Este día, Han Yunxi se estaba preparando para salir cuando la Gran Concubina Yi la llamó. “Yunxi, que el duque de Qin me encuentre en mis habitaciones cuando regrese. Solo di que hay algo que necesito discutir con él.
Indudablemente, ella planeaba entregarle las perspectivas de futuro de Zhangsun Che. Han Yunxi simplemente abrió la boca para estar de acuerdo. No se molestó en explicar que ni siquiera sabía cuándo regresaría el duque de Qin. Parecía haberse ocupado durante el último medio mes. En verdad, la misma Han Yunxi también estaba muy ocupada.

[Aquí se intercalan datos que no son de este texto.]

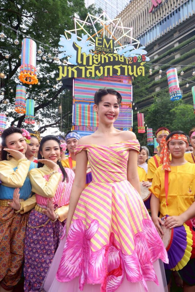 สำหรับงาน “เอ็ม ดิสทริค ไทยหรรษา มหาสงกรานต์ 2025”ในวันนี้ ได้รับเกียรติจากคุณสำรวย นักการเรียนผู้ตรวจราชการกระทรวงวัฒนธรรม และคุณศานนท์ หวังสร้างบุญ รองผู้ว่าราชการกรุงเทพมหานคร ร่วมเป็นประธานเปิดงาน โดยมีผู้บริหารเดอะมอลล์ กรุ๊ปให้การต้อนรับ และเปิดตัวเทพีไทยหรรษา มหาสงกรานต์ “ญาญ่า อุรัสยา”สวมชุดผ้าไทยร่วมสมัย สำหรับงานนี้เป็นอีเวนท์สำคัญที่ ทางเอ็ม ดิสทริค จับมือภาครัฐบาลและเครือข่ายภาคเอกชน จัดขึ้นเพื่อร่วมสืบสานประเพณีสงกรานต์ของไทย ซึ่งเป็นตัวแทนมรดกภูมิปัญญาทางวัฒนธรรมที่จับต้องไม่ได้ของมนุษยชาติ ตามประกาศขององค์การยูเนสโก ซึ่งเป็นกิจกรรมอีเวนต์ระดับประเทศที่ช่วยดึงดูดนักท่องเที่ยวชาวไทยและชาวต่างชาติ ปักหมุดแลนด์มาร์กสงกรานต์สุดยิ่งใหญ่ครั้งแรกใจกลางสุขุมวิท ที่นำเสนอเอกลักษณ์ความเป็นไทยด้วยกิจกรรมมากมาย อาทิ การเล่นน้ำสงกรานต์กลางสวน การแสดงศิลปวัฒนธรรมไทย อาทิ ขบวนกลองยาว ขบวนนางรำ เป็นต้น และความบันเทิงจากศิลปินชั้นนำยกทัพมาร่วมสร้างความสุขได้อาทิ บุรินทร์ บุญวิสุทธิ์, จ๊ะ นงผณี, แอนโทเนีย โพซิ้ว, โอปอ สุชาตา, The Paradise Bangkok Molam International Band และอีกมากมาย ร่วมเล่นเกมเกมส์งานวัดแสนสนุก ไม่ว่าจะเป็น หนุ่ม-สาว ตกน้ำ, ปาโป่ง ยิงปืนจุกน้ำปลา และเกมสนุกอื่นๆ พร้อมชมความน่ารักของการแสดงของ หนูน้อยเทพีสงกรานต์ รวมถึงอิ่มอร่อยกับอาหารไทยเลิศรส ระหว่างวันที่ 12 – 14 เมษายน 2568 เวลา 15.00 – 21.00 น. ที่อุทยานเบญจสิริ ถนนสุขุมวิท (BTS พร้อมพงษ์) และเอ็มยาร์ด ชั้น G เอ็มสเฟียร์ และชมความตระการตาของ ขบวนรถ ไทยหรรษา มหาสงกรานต์ ที่รังสรรค์การตกแต่งอย่างสวยงาม พร้อม Mascot ช้างน้อยน่ารัก, นางสงกรานต์ และขบวนกลองยาว ร่วมสาดความสนุกทั่วกรุงเทพมหานครผ่านถนนและและแลนมาร์คสำคัญของกรุงเทพอย่าง อนุสาวรีย์ประชาธิปไตย, เสาชิงช้า ระหว่างวันที่ 11-14 เมษายน 2568

El viaje de hoy fue porque las reparaciones de la corte de justicia ya habían llegado, un total de 10,000 taels de oro. Ya había encontrado buenas tiendas en los lados oeste, norte y este de la ciudad capital y estaba planeando usar este dinero para abrir tres clínicas de caridad. Bajo el nombre de la familia Han, tratarían a los pobres y proporcionarían medicamentos de forma gratuita. La familia Han no tenía suficientes manos, por lo que la decoración de las fachadas de las tiendas, la selección de medicamentos y el empleo de médicos y asistentes, junto con varios tipos de promociones publicitarias, ¡estaban esperando su opinión!
Por supuesto, también estaban la familia Li y el hijo de Madam Chen. Han Yunxi nunca se había considerado una buena persona. De hecho, podía admitir que tenía una vena vengativa y era muy tacaña. Pero aún así, ella tenía compasión. Tanto Madam Chen como la pareja Li habían estado equivocados, pero ambos también eran inocentes. Sus familias lo eran aún más. Al final, Han Yunxi sacó algo de dinero como ayuda de socorro para la familia Li y ese niño. También dejó un mensaje de que, siempre que estuvieran dispuestos, podrían venir a ayudar a la clínica de caridad.
…
Nota del autor para los lectores: el duque de Qin está muy ocupado, mm, volverá pronto.